Iraq to Be Removed From Trump's New Travel Ban List: Official

Iraqi forces in Mosul
Members of the Iraqi forces watch Donald Trump giving a speech after he won the U.S. president elections in the village of Arbid on the southern outskirts of Mosul on November 9, 2016. He is... Ahmad Al-Rubaye/AFP/Getty

President Donald Trump is set to remove Iraq from the list of seven Muslim-majority countries included in his temporary travel ban, according to an Iraqi official who says the delay in issuing a new executive order is partly because Trump is considering adding further countries to the list.

The new order, expected to be released later this week, comes after a federal court suspended the initial ban, signed on January 27, a week after Trump's inauguration.
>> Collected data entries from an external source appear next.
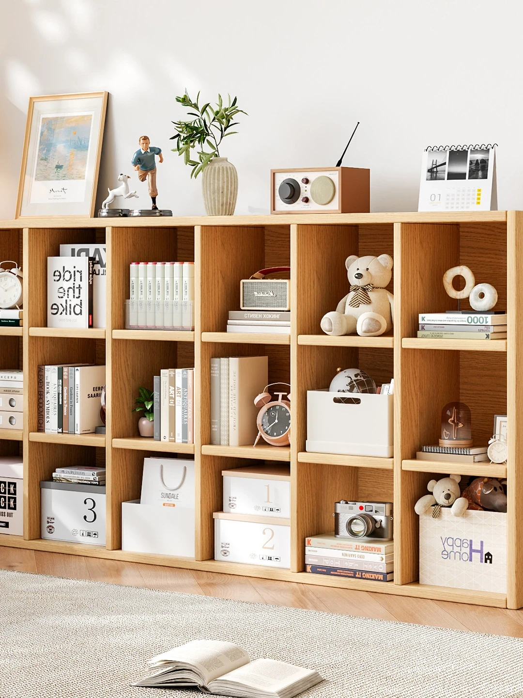 Solid Wood Grid Bookshelf - Floor Standing Storage Rack for Kindergartens, Backpack Cabinet, Short Bookcase, Home Storage Organizer, Stylish and Functional Storage Solution for Every Room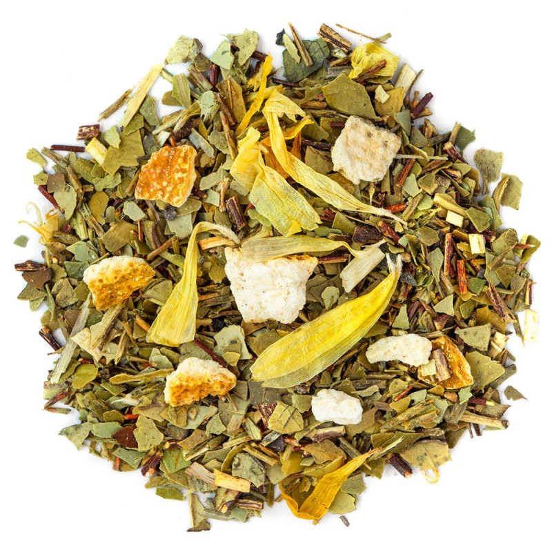 Con la sua caffeina, il nostro mate verde bio all'arancia possiede effetti detox. Ma i suoi benefici per la salute non si fermano qui. Il mate verde bio produce un effetto stimolante ideale per lottare contro la stanchezza. Secondo il parere degli erboristi, il mate verde bio favorisce la digestione e riduce i dolori. Nel nostro infuso, è accompagnato da rooibos verde, rinomato per lottare contro i disturbi gastro-intestinali. La tisana detox comporta anche bei pezzi di scorza d'arancia. Con i suoi flavonoidi, la scorza d'arancia sostiene la salute cardiovascolare grazie ai suoi effetti ipotensivi. I suoi oli essenziali sono, inoltre, vettori di tranquillità fisica e mentale. Per questa tisana, abbiamo aggiunto fiori di calendula che stimolano il sistema immunitario e calmano le infiammazioni.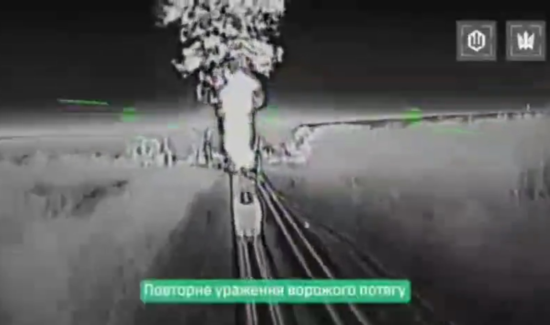 Момент першого ураження російського потяга на Запоріжжі 12.03.2026. СТоп-кадр з відео “Пруфи Дніпра”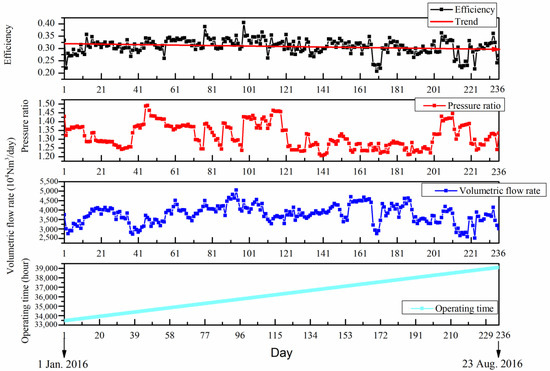 In this section, the reliability of a natural gas compressor unit running in a natural gas transmission pipeline is analyzed using the proposed methodology. The compressor unit is the No. 2 unit at the ZW station located in China. In addition, the compressor unit is composed of a centrifugal compressor and a gas turbine, the models of which are RF2BB36 and RB211-GT62, respectively. The reliability of the compressor unit during the period from 24 August to 22 September in 2016 was predicted, and both the historical failure data and the performance data of the natural gas compressor unit were collected. More specifically, we also collected the historical failure data of both this unit and other units of the same type caused by catastrophic failures during the period from 1 January 2014 to 23 August 2016, as shown in Table 2. The operating data—including volumetric rates and pressure ratios—from 1 January to 23 August in 2016 were measured, and the corresponding performance data were calculated, as presented in Figure 3. It should be noted that in addition to the repair period after the catastrophic failures, no other maintenance activity was carried out during the period of the data collection.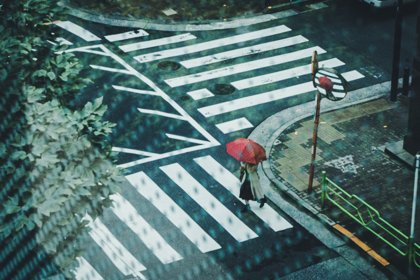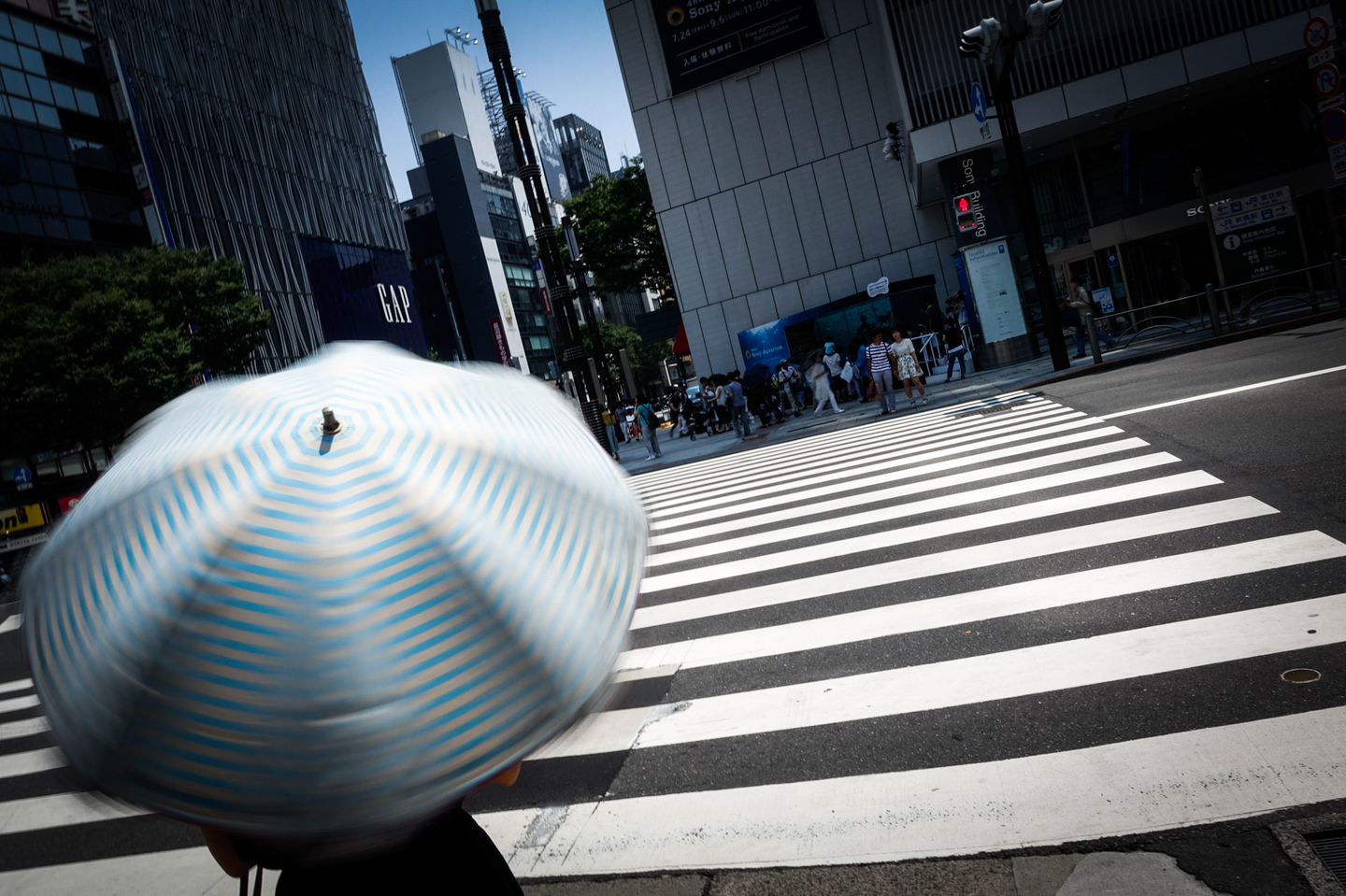 特に撮るような場面でもなかったのだが、女性が突然傘をくるくる回しはじめ、これは!と思いカメラの設定をシャッター優先の1/20秒に変更し、回っているのがわかる様に撮ってみた。こんな感じで街で突然現れる出来事を普通に絞り優先で撮っていては表現ができないなと思った時は、撮影モードをシャッタースピード優先にすることをオススメする。人間、車、電車でも1/20秒辺りにすると面白い絵になる事が多い。傘が丸いので画面の真ん中にもっていっても面白い絵になったと思うが、傘のラインと、交差点のラインを合わせることができたので写真に深みが出たかなと思う。

It outlawed citizens of Iraq, Syria, Iran, Libya, Somalia, Sudan and Yemen from entering the U.S. for 90 days, with refugees suspended for 120 days and Syrian refugees barred indefinitely.

Read more: Iraqi leader tells Trump to remove country from the travel ban

The Department of Defense and the State Department both lobbied Trump and his team to remove Iraq from the ban, according to the Baghdad-based official, speaking to Newsweek on condition of anonymity as he was not authorized to speak on the matter. Reports have also emerged that Secretary of State Rex Tillerson, Secretary of Defense James Mattis and national security adviser H.R. McMaster also advocated for Iraq's removal. Ahead of the first Iraqi signal that it would be removed, U.S. officials on Wednesday told several publications that Trump's team had reached this conclusion. It is expected that the other six countries will remain on the travel ban list.Trump's team did not respond to Newsweek 's request for comment at the time of writing.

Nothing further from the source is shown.